Task directions: Restate word for word the lines between the start of the material and the line with "Bulova Ladies Silver", keeping both of those ends and none of the pictures.

Data listing:
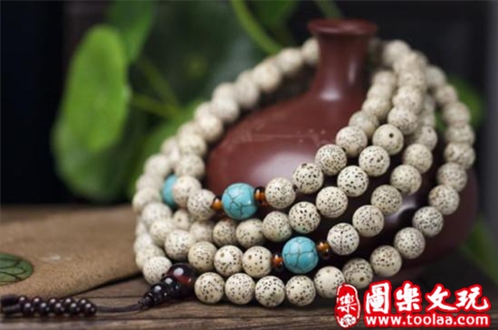 随后可以直接将108颗星月菩提珠串入绳子里,将所有的星月菩提珠串好后,要把鱼线左侧对折后,穿入三通珠中间的孔,再将鱼线右侧对折,穿入三通珠中间的孔。
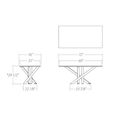 Starphire tempered glass top with a at polished edge (1/2” thick).
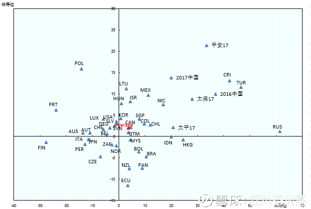 横轴代表寿险保费增速,纵轴代表非寿险保费增速,大家可以看看我国的保险业处在怎样一个黄金时代
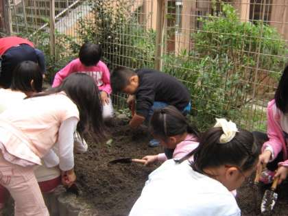 「来年の春にモンシロチョウに卵を産んでもらうためのキャベツの苗を植えています。」
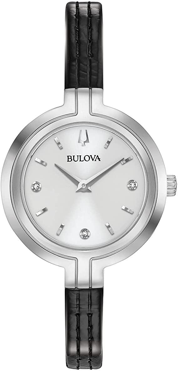 Bulova Ladies Silver Tone, Leather Strap Diamond Dial Quartz Watch -
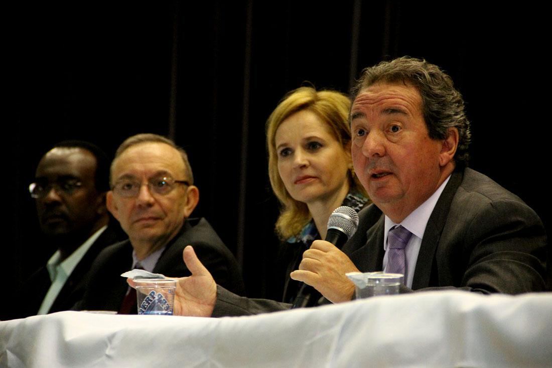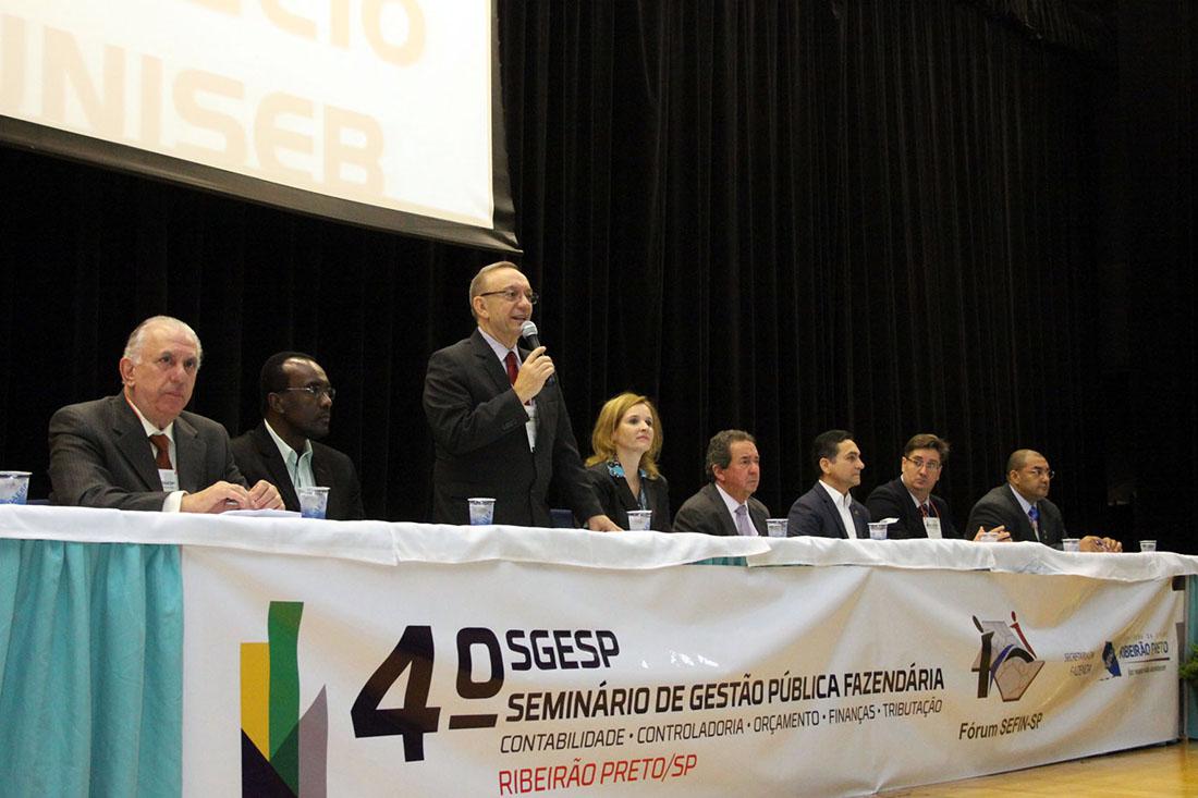A mesa de trabalhos foi coordenada pelo Secretário Municipal da Fazenda de Ribeirão Preto, Francisco Sérgio Nalini e contou com a presença do Presidente da União dos Vereadores do Estado de São Paulo (Uvesp), Sebastião Misiara; do Vereador André Luís da Silva, representando os parlamentares da cidade e região; do Vice-Presidente de Administração Financeira do Conselho Regional de Contabilidade, Gildo Freire de Araújo; do Professor Claudio Paiva, em nome da Universidade Estadual Paulista (Unesp) e dos consultores do Sebrae, Roberto Serafim de Souza e Iroá Arantes.
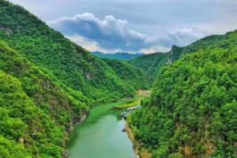 双龙湾景区总面积约50平方公里,因屹立着大龙头、小龙头两座山峰而得名。景区是按照国家5A级景区的标准设计、建造的,景区里面资源类型丰富、全面,既有灵山秀水的自然风光,又有底蕰丰厚的历史文化,自然、人文相得益彰、相映成辉,被人们称为“秦岭罗敷,北国漓江,身边九寨,彩虹世界”。
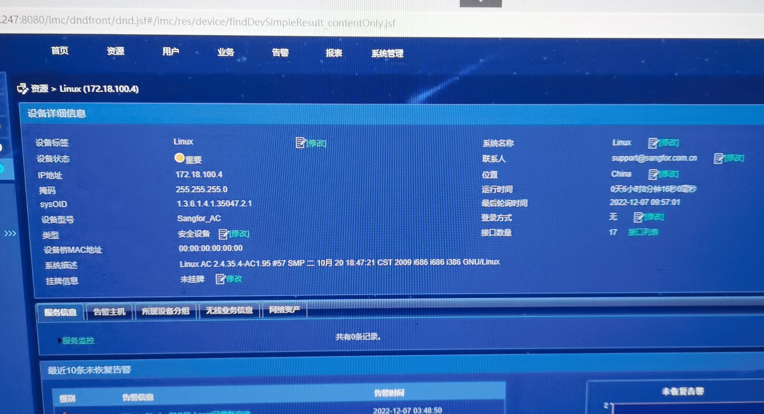 imc平台(E0706P12版本)对深信服的上网行为管理识别不出来,是什么导致的?
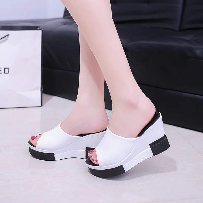 Шлепанцы женские на платформе, толстая подошва, обувь на танкетке, летние праздничные туфли-лодочки, сланцы, сандалии на высоком каблуке, мюли
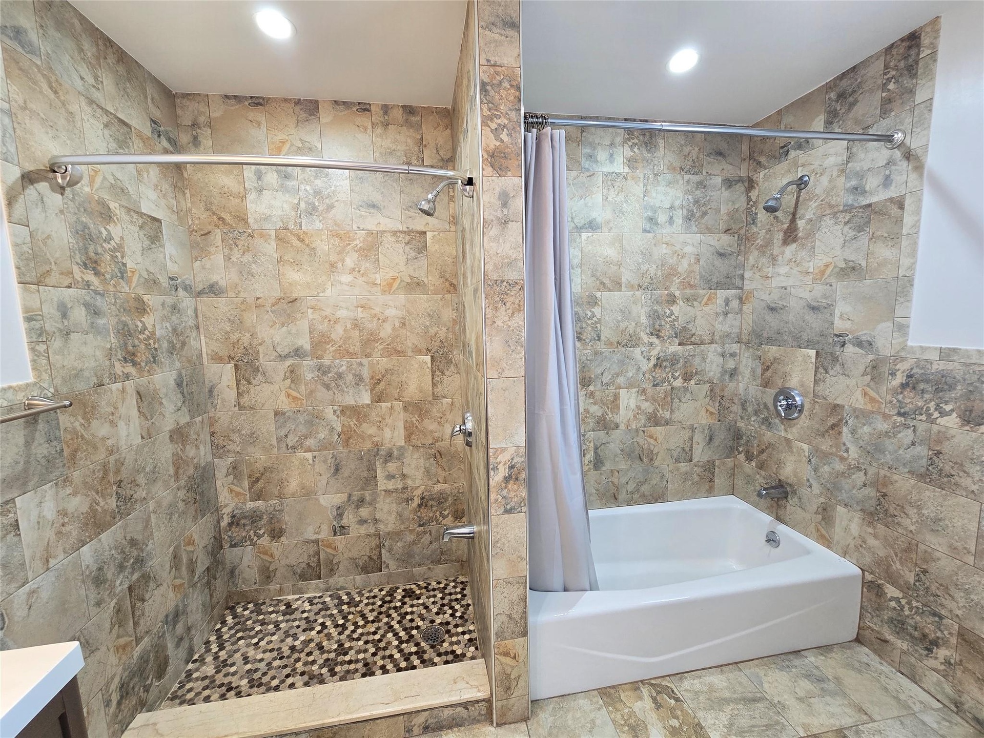 - Full bath with shower / tub combo with curtain and recessed lighting
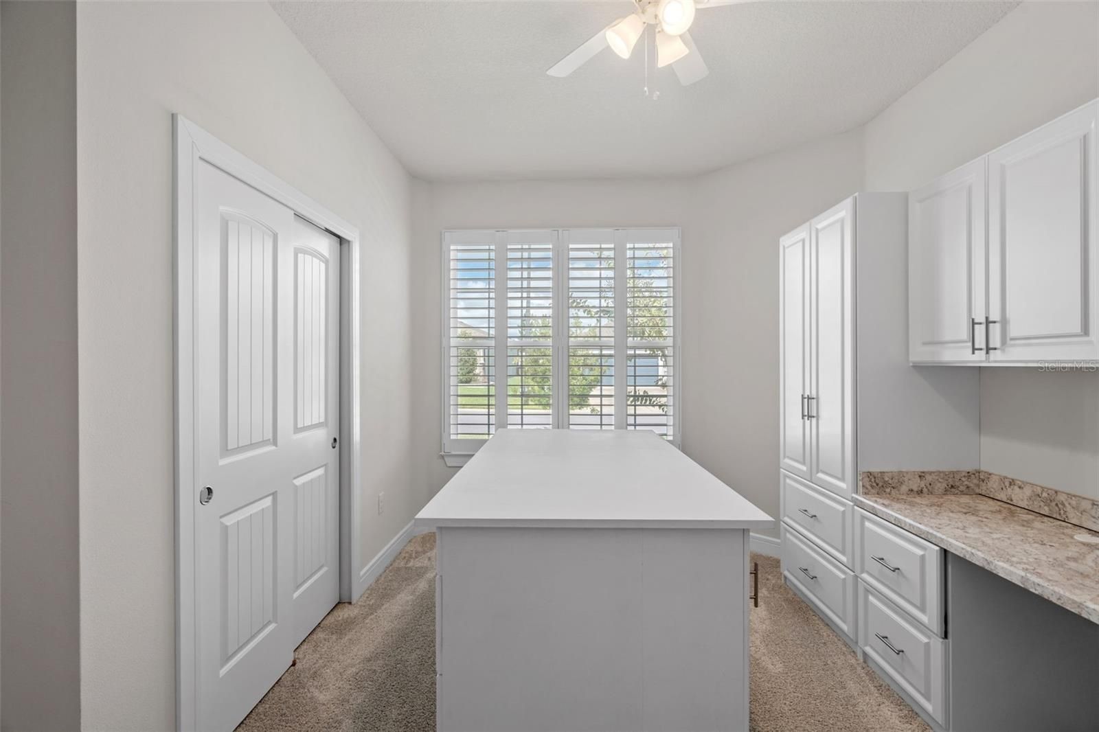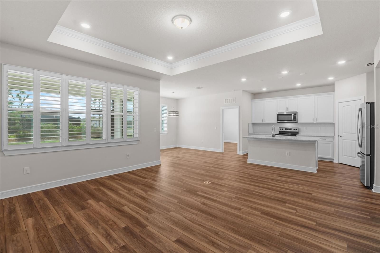 - Built-in Features, Ceiling Fan(s), High Ceilings, Kitchen/Family Room Combo, Open Floorplan, Main Level Primary, Thermostat, Tray Ceiling(s), Window Treatments

Answer to this task:
 随后可以直接将108颗星月菩提珠串入绳子里,将所有的星月菩提珠串好后,要把鱼线左侧对折后,穿入三通珠中间的孔,再将鱼线右侧对折,穿入三通珠中间的孔。
 Starphire tempered glass top with a at polished edge (1/2” thick).
 横轴代表寿险保费增速,纵轴代表非寿险保费增速,大家可以看看我国的保险业处在怎样一个黄金时代
 「来年の春にモンシロチョウに卵を産んでもらうためのキャベツの苗を植えています。」
 Bulova Ladies Silver Tone, Leather Strap Diamond Dial Quartz Watch -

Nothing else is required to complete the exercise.